No pictures should appear in the copy. Reproduce exactly the lines from the one containing "WW2 German HJ" through the end of the material below.

## Data for processing
----------

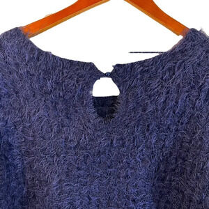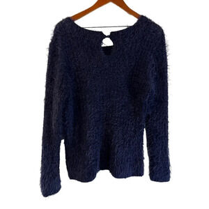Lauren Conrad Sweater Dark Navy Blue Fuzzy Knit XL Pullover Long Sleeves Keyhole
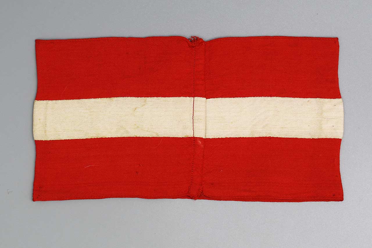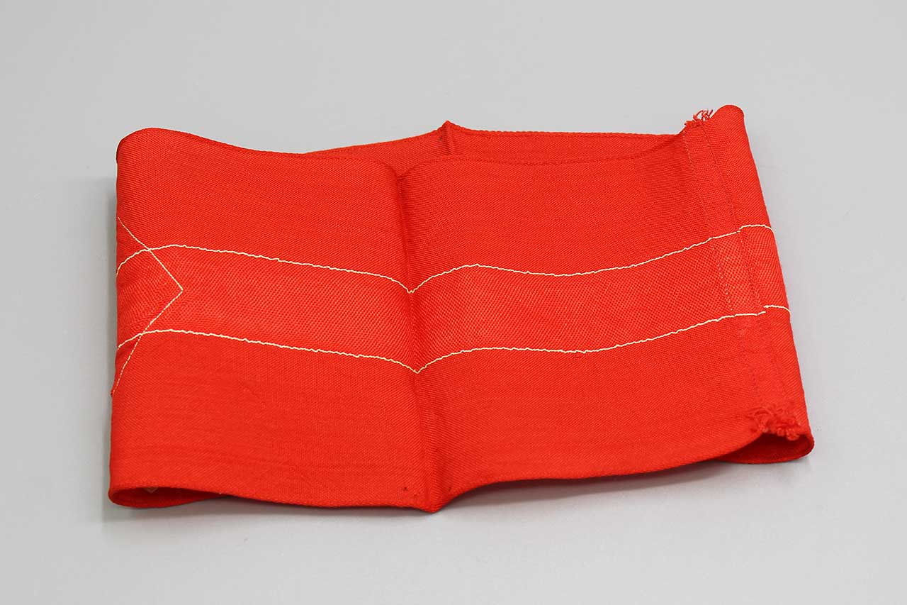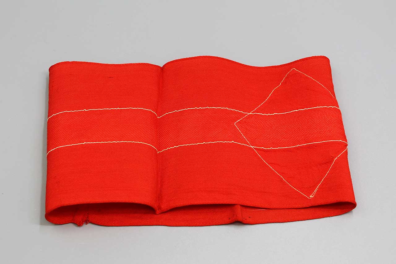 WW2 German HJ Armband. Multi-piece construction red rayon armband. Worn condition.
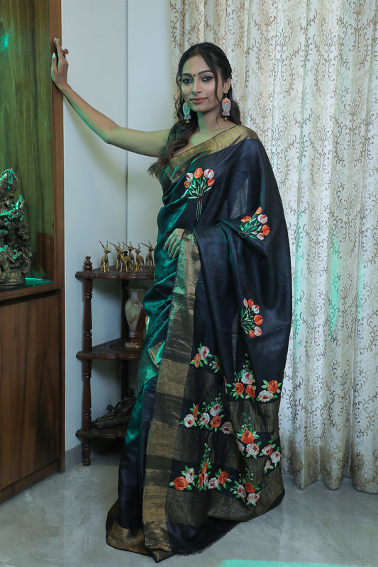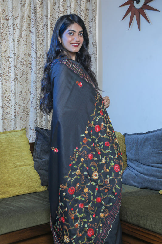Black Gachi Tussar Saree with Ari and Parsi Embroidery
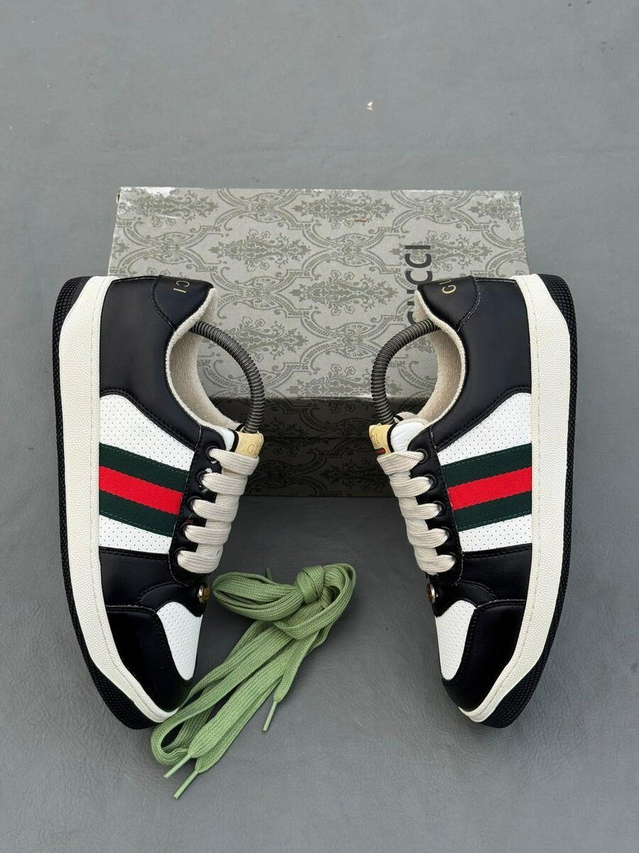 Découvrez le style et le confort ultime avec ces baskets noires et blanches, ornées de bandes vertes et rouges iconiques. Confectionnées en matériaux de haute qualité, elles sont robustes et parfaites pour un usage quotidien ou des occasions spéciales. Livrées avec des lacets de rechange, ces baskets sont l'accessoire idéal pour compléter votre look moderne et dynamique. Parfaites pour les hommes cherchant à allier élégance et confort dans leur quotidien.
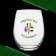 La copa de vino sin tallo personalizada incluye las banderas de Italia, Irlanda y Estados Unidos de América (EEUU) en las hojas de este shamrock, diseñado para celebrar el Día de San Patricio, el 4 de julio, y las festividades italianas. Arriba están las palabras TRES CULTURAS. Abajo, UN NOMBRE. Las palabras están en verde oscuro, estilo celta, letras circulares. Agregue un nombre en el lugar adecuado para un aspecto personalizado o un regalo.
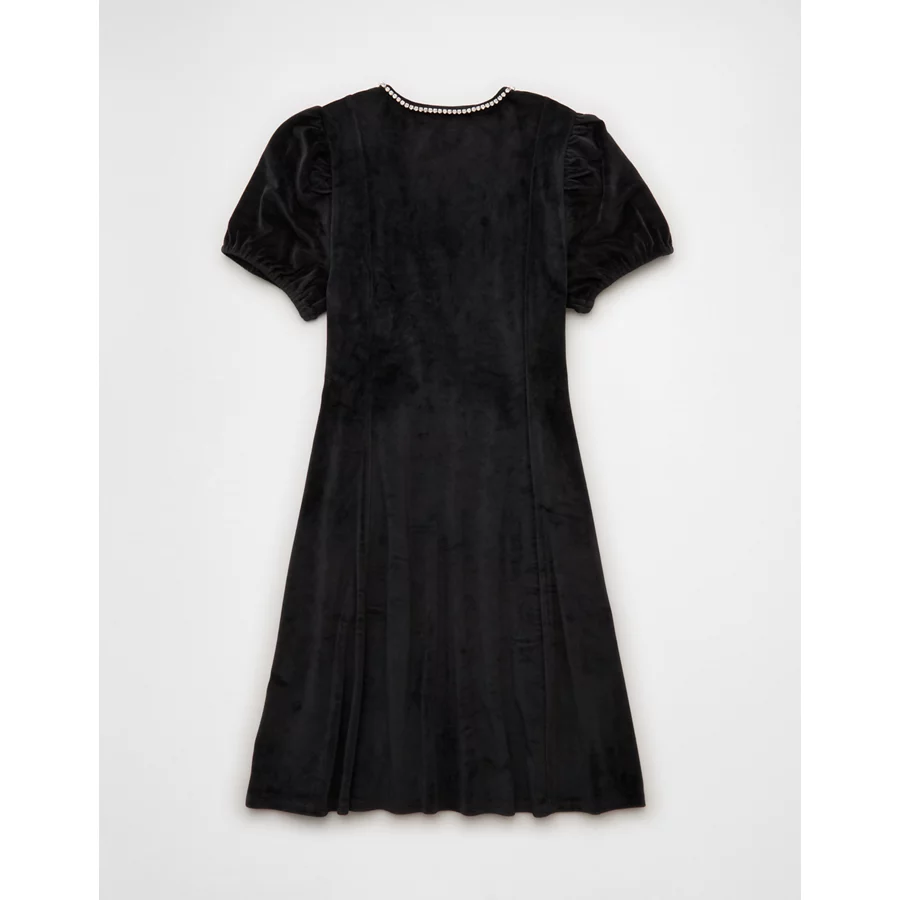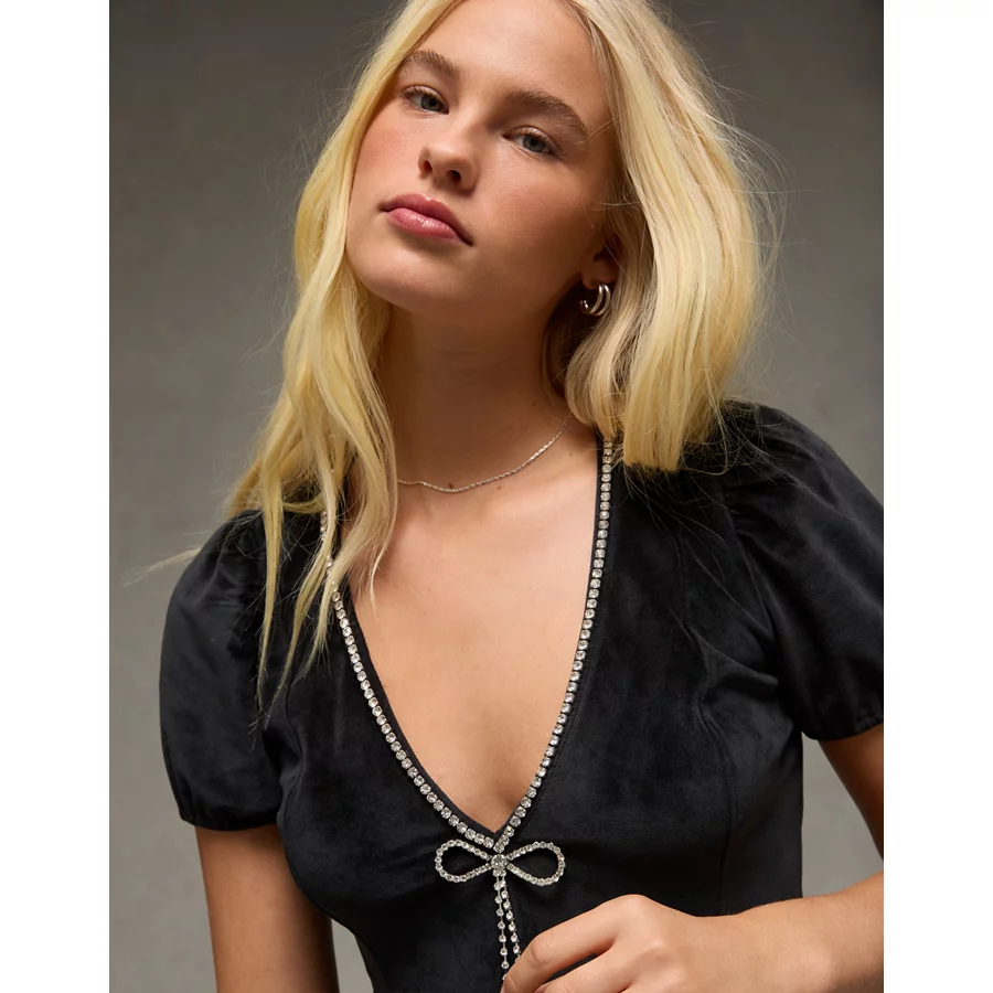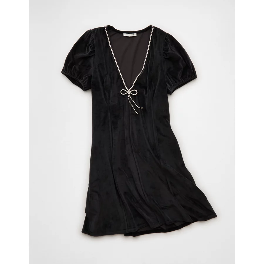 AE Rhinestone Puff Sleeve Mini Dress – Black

----------

## Output below
 WW2 German HJ Armband. Multi-piece construction red rayon armband. Worn condition.
Black Gachi Tussar Saree with Ari and Parsi Embroidery
 Découvrez le style et le confort ultime avec ces baskets noires et blanches, ornées de bandes vertes et rouges iconiques. Confectionnées en matériaux de haute qualité, elles sont robustes et parfaites pour un usage quotidien ou des occasions spéciales. Livrées avec des lacets de rechange, ces baskets sont l'accessoire idéal pour compléter votre look moderne et dynamique. Parfaites pour les hommes cherchant à allier élégance et confort dans leur quotidien.
 La copa de vino sin tallo personalizada incluye las banderas de Italia, Irlanda y Estados Unidos de América (EEUU) en las hojas de este shamrock, diseñado para celebrar el Día de San Patricio, el 4 de julio, y las festividades italianas. Arriba están las palabras TRES CULTURAS. Abajo, UN NOMBRE. Las palabras están en verde oscuro, estilo celta, letras circulares. Agregue un nombre en el lugar adecuado para un aspecto personalizado o un regalo.
 AE Rhinestone Puff Sleeve Mini Dress – Black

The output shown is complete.